(Beginning of Dataset)

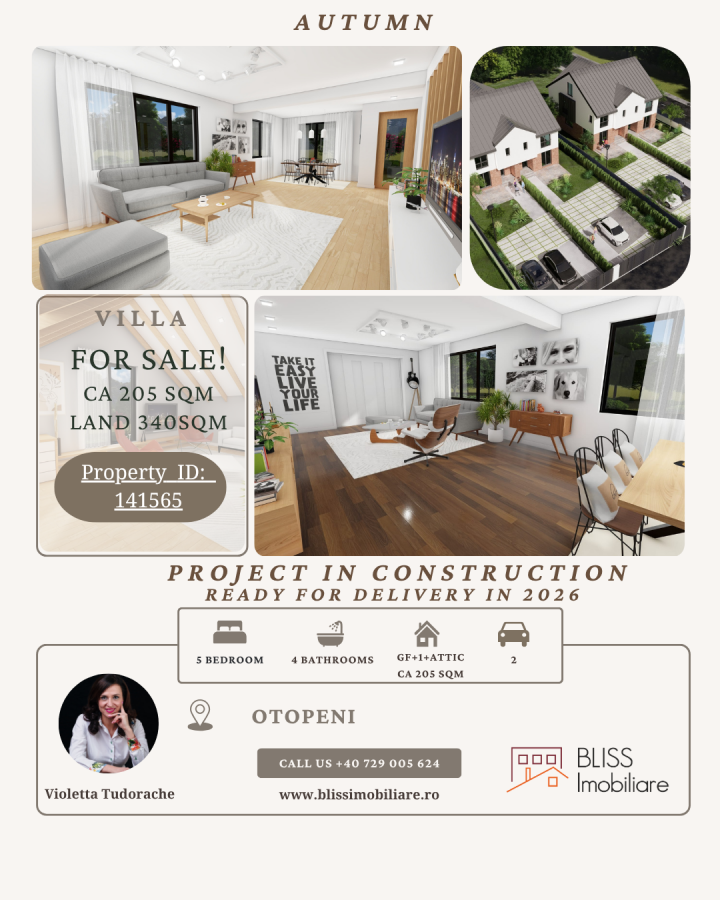 Casa Autumn este o casa duplex cu 6 camere, constructie noua, parte din ansamblul rezidential boutique Briza4Seasons, amplasat intr-o zona rezidentiala linistita din Otopeni, Ilfov, cu acces rapid catre DN1, Aeroportul Henri Coanda, zona 23 August, scoli si centre comerciale.
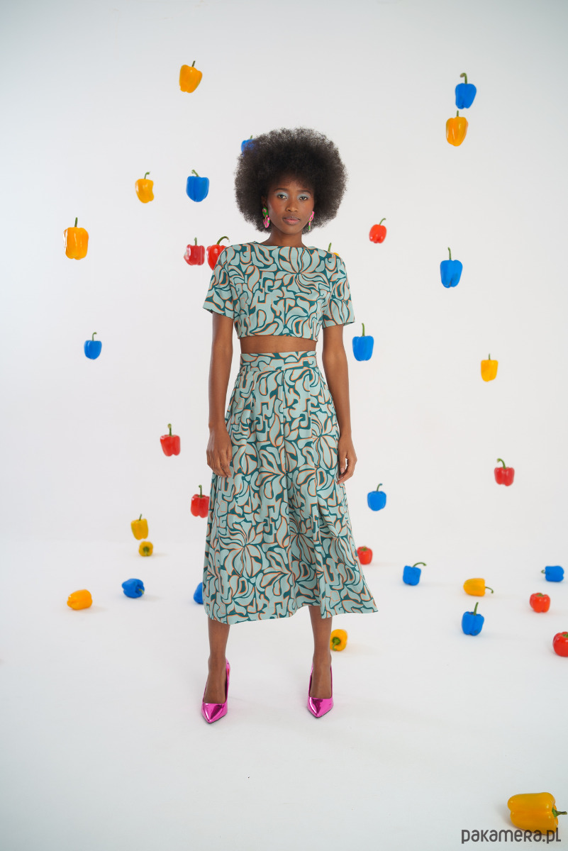 Stylowa spódnica damska, która łączy w sobie nowoczesny design z artystycznym wyrazem. Model idealny dla kobiet, które cenią sobie wygodę i styl. Dzięki zwiewnemu fasonowi spódnica zapewnia swobodę ruchów, doskonale komponując się z bluzkami i topami.
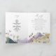 En vacker vildblomma och bröllop-bergsdesign. En unik design som användor vattenfärgen vildblommans botaniker och ett vattenfärgsbergslandskap i bakgrunden. En modern blommigt för vild med berg och floder vid sjöar. En elegant bröllop-ordning för serviceprogram med modern inslag. Det finns också möjlighet att matcha bröllopsinbjudningar och andra artiklar i kontorsartiklar.
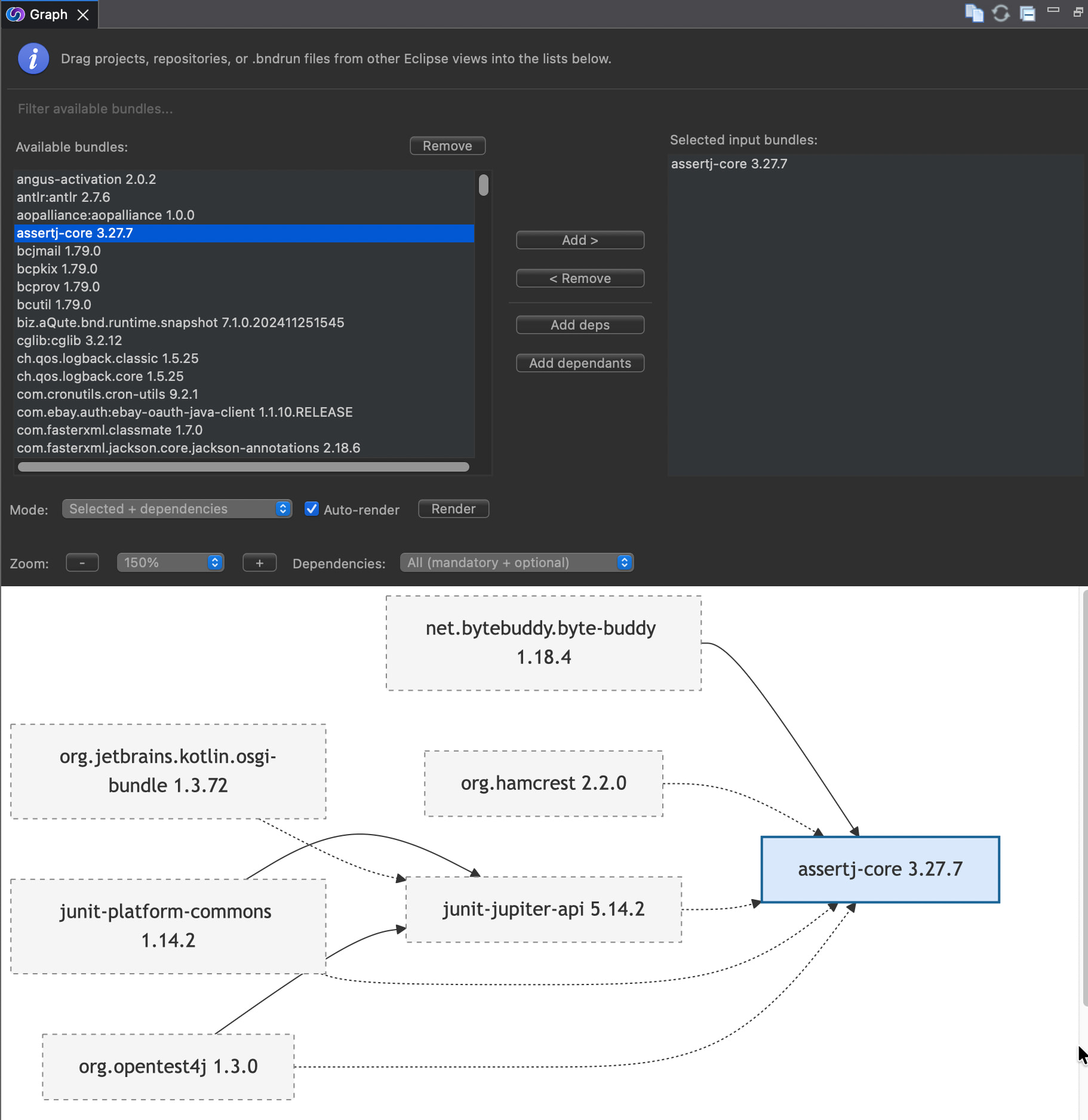 Bndtools uses the OSGi Resolver to create runtime assemblies, allowing us to concentrate on just the "top-level" bundles that comprise our application. The remaining bundles are resolved from the repositories automatically. No more wasting time trying the right combination by trying.
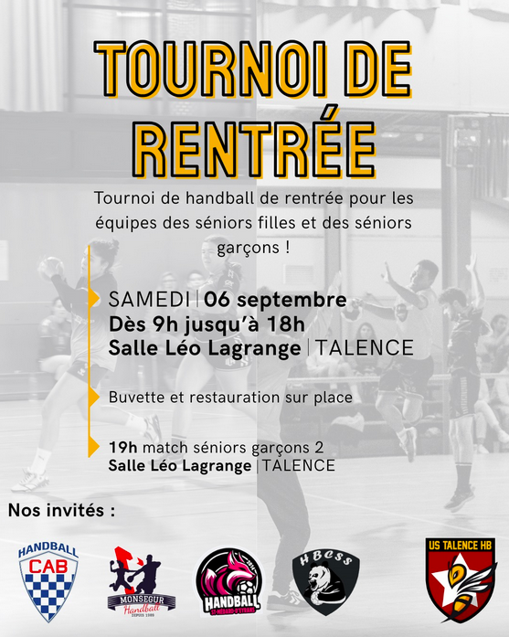 Ce samedi, l'US Talence organise son tournoi sur le parquet de la salle Léo Lagrange. Une journée 100% handball 🔥 👉 Au programme : matchs, convivialité, buvette & restauration sur place. 👉 Et pour finir en beauté : match séniors garçons 2 à 19h !
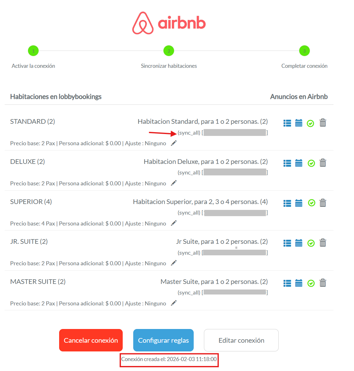 Una vez completes la integración, podrás ver en LobbyBookings el estado de cada anuncio de Airbnb. Allí se mostrará si la sincronización está activa y la fecha en la que se realizó la conexión, lo que te permite confirmar que todo quedó correctamente integrado.
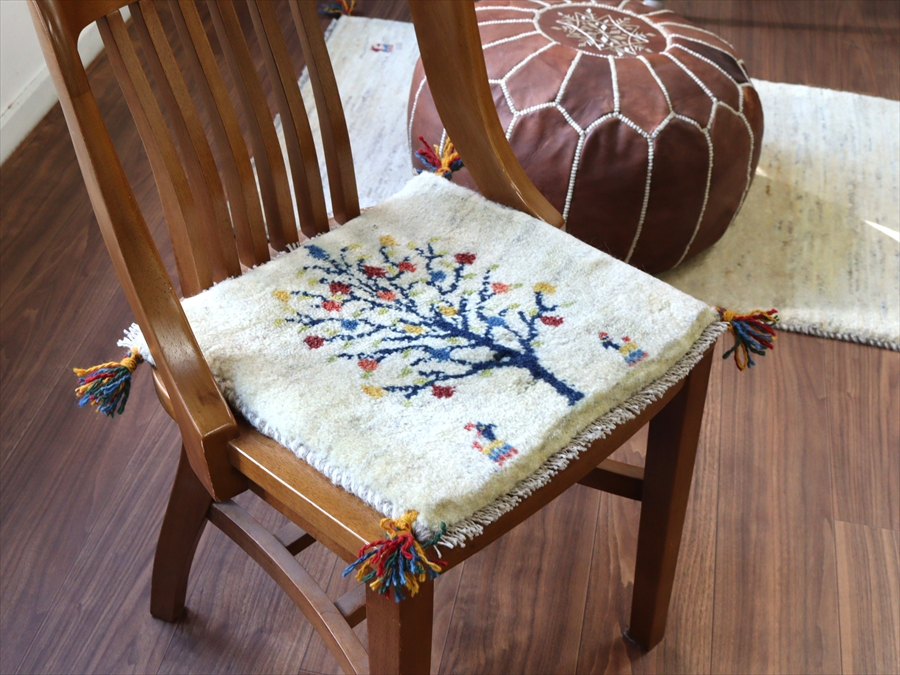 ベースは染めていない羊毛のアイボリー。元気に枝葉をのばす生命の木が織り込まれています。
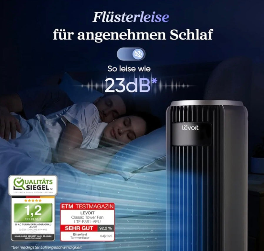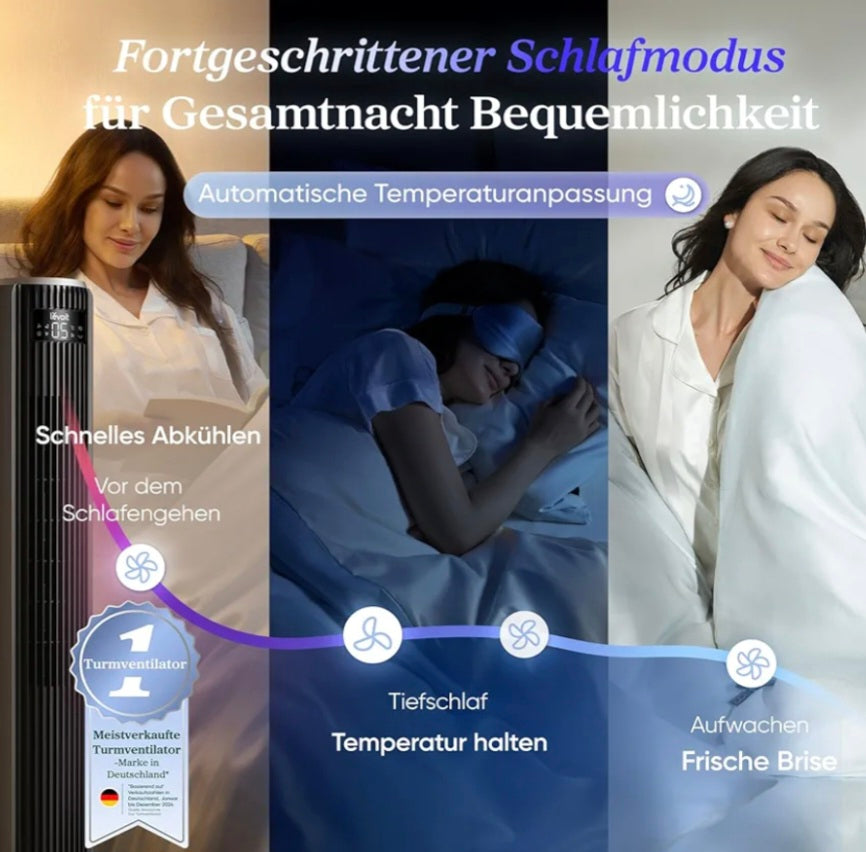 - Der Ventilator ist mit intelligentem Sensor und Reglersystem ausgerüstet, um die passende Geschwindigkeit an die Schlafphasen anzupassen und eine ruhige Nacht bei der idealen Temperatur zu ermöglichen
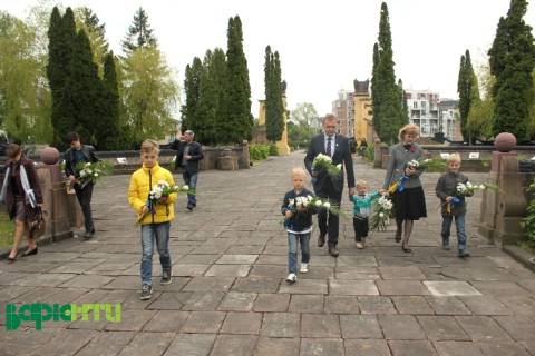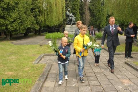 Попереду – багатодітна сім'я Садового іде з квітами вшановувати загиблих у Другій Світовій.
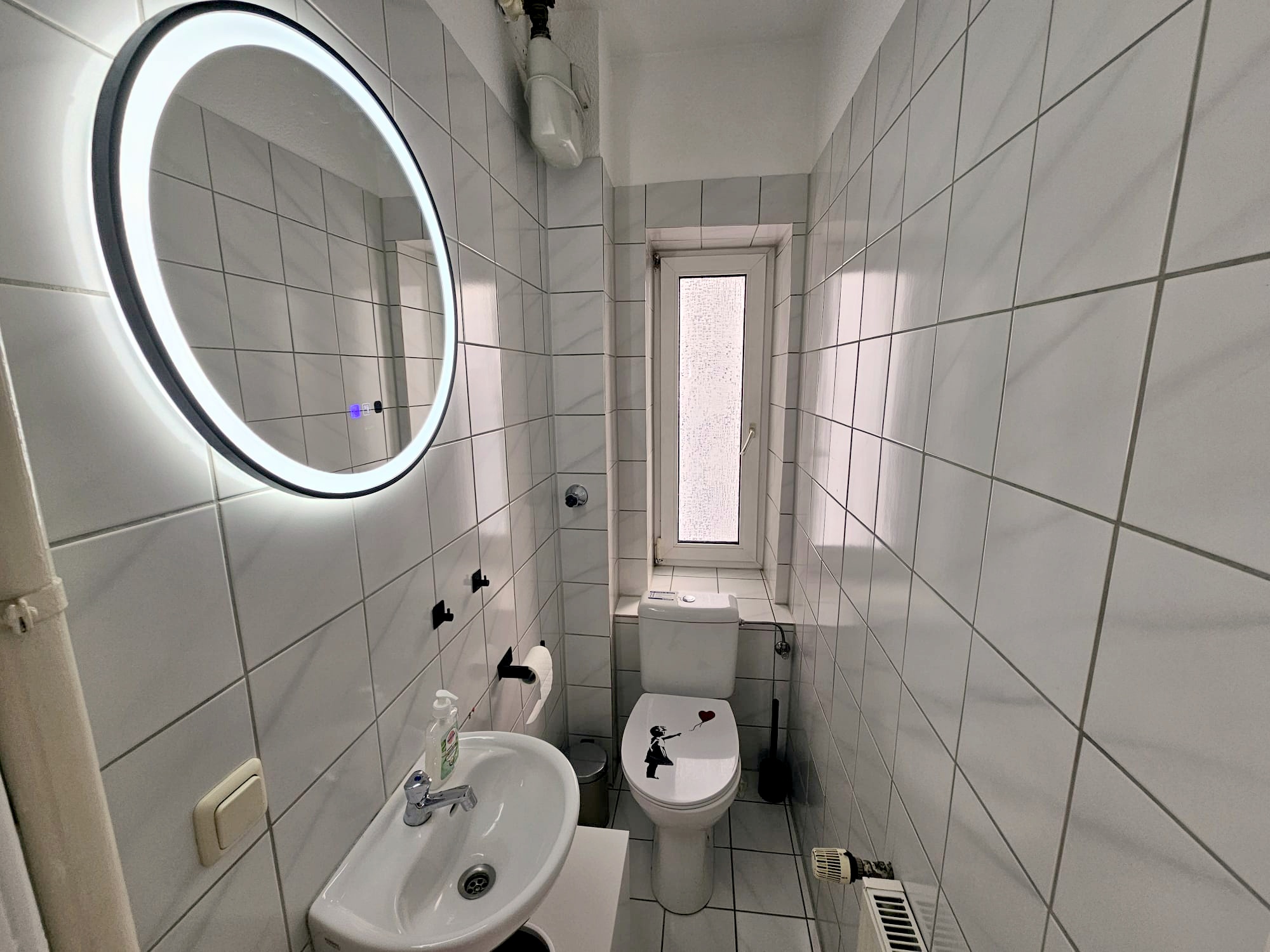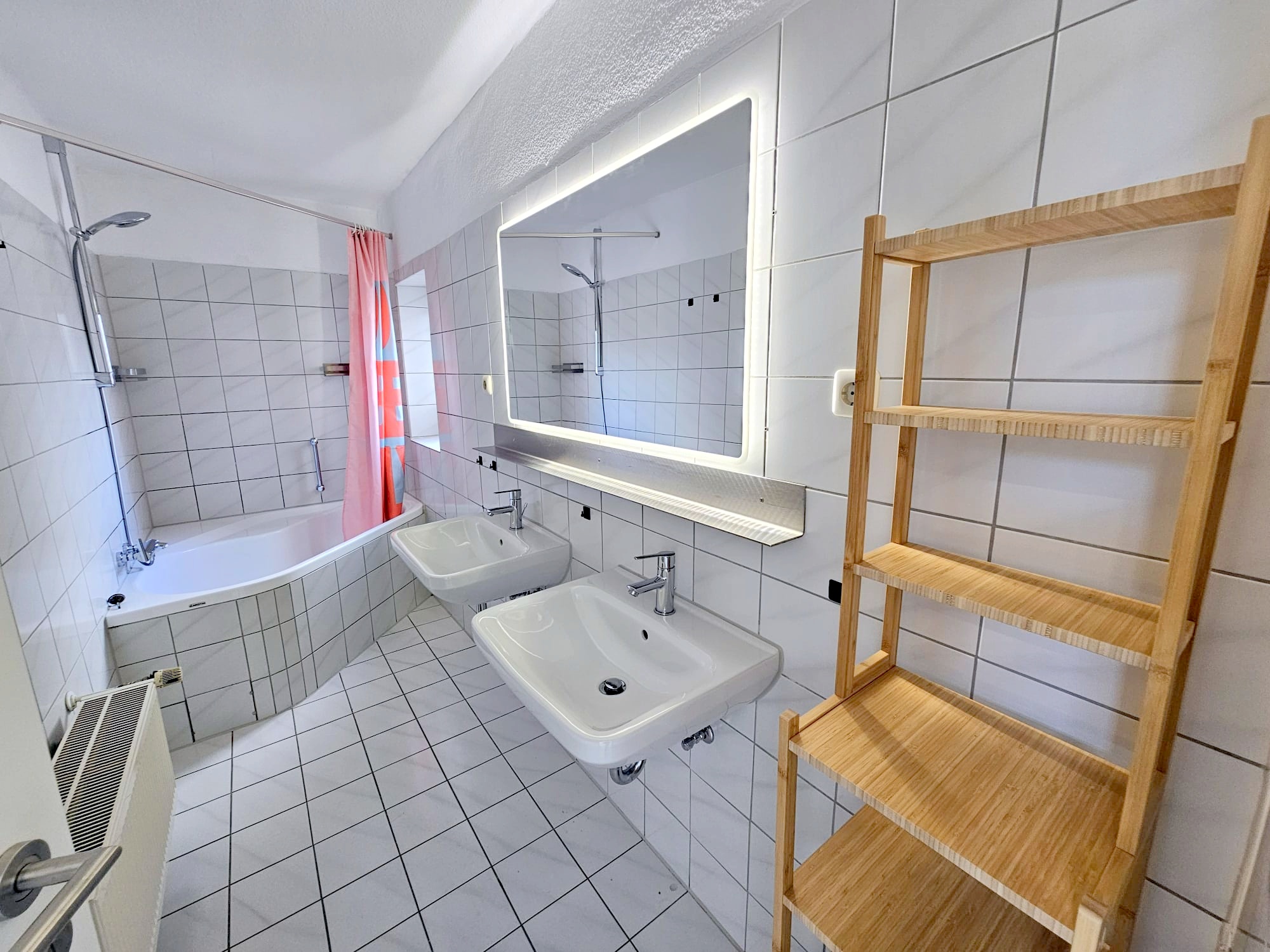 Badezimmer: Großzügig geschnitten, modern gefliest, mit Dusche, Spiegel, Waschbecken und Abstellfläche Separates WC: Für zusätzliche Flexibilität im Alltag
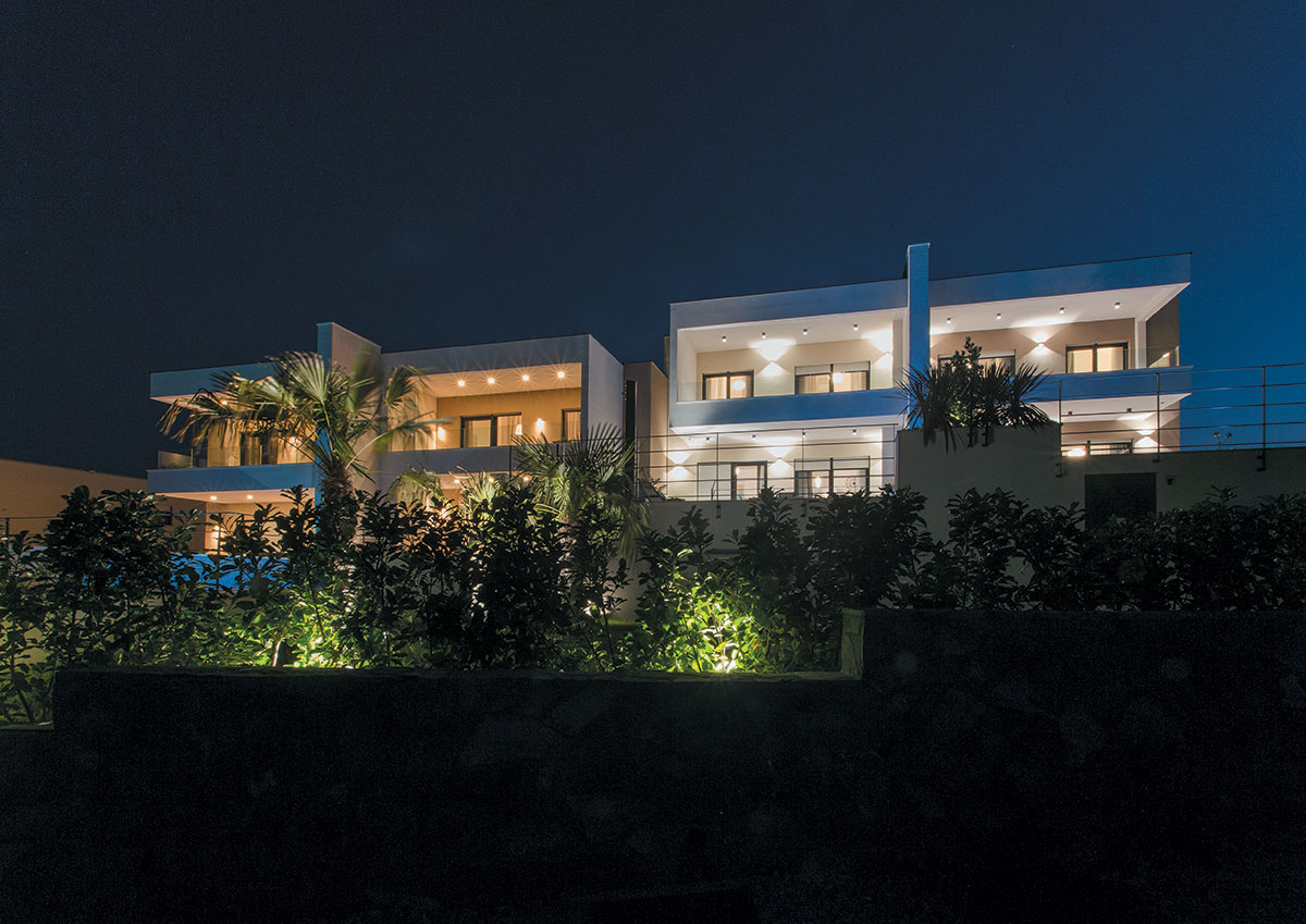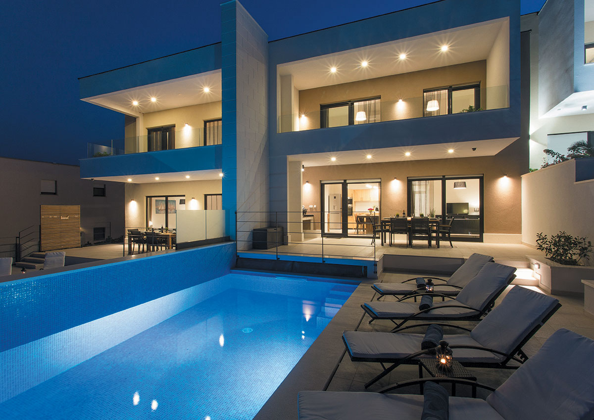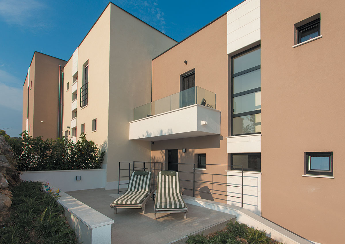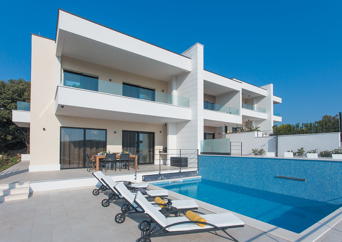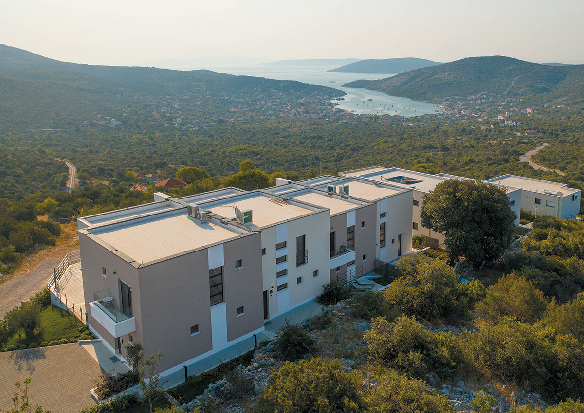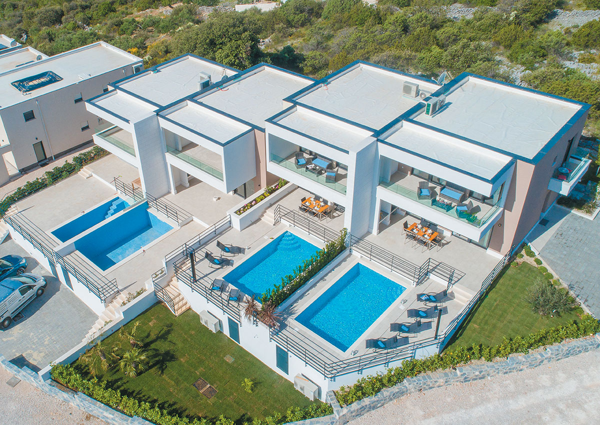 Svaka stambena jedinica ima i bazen s južne strane s pratećim sunčalištem, koji je povezan s nekoliko stepenica s vanjskom kuhinjom i blagovanje. S tih pozicija omogućen je prekrasan pogled na zaljev. Čestica je položena uz postojeću prometnicu, koja prolazi pored parcele na sjeveru i istoku. Parcela je kosa, s nagibom koji pada prema jugoistoku, prema moru.

(End of Dataset)

Work item -> Using the data above, give again exactly the lines starting at the one holding "Una vez completes" and ending at the one holding "Badezimmer: Großzügig geschnitten, modern", inclusive, and nothing more. Omit the pictures.

Response box ->
 Una vez completes la integración, podrás ver en LobbyBookings el estado de cada anuncio de Airbnb. Allí se mostrará si la sincronización está activa y la fecha en la que se realizó la conexión, lo que te permite confirmar que todo quedó correctamente integrado.
 ベースは染めていない羊毛のアイボリー。元気に枝葉をのばす生命の木が織り込まれています。
 - Der Ventilator ist mit intelligentem Sensor und Reglersystem ausgerüstet, um die passende Geschwindigkeit an die Schlafphasen anzupassen und eine ruhige Nacht bei der idealen Temperatur zu ermöglichen
 Попереду – багатодітна сім'я Садового іде з квітами вшановувати загиблих у Другій Світовій.
 Badezimmer: Großzügig geschnitten, modern gefliest, mit Dusche, Spiegel, Waschbecken und Abstellfläche Separates WC: Für zusätzliche Flexibilität im Alltag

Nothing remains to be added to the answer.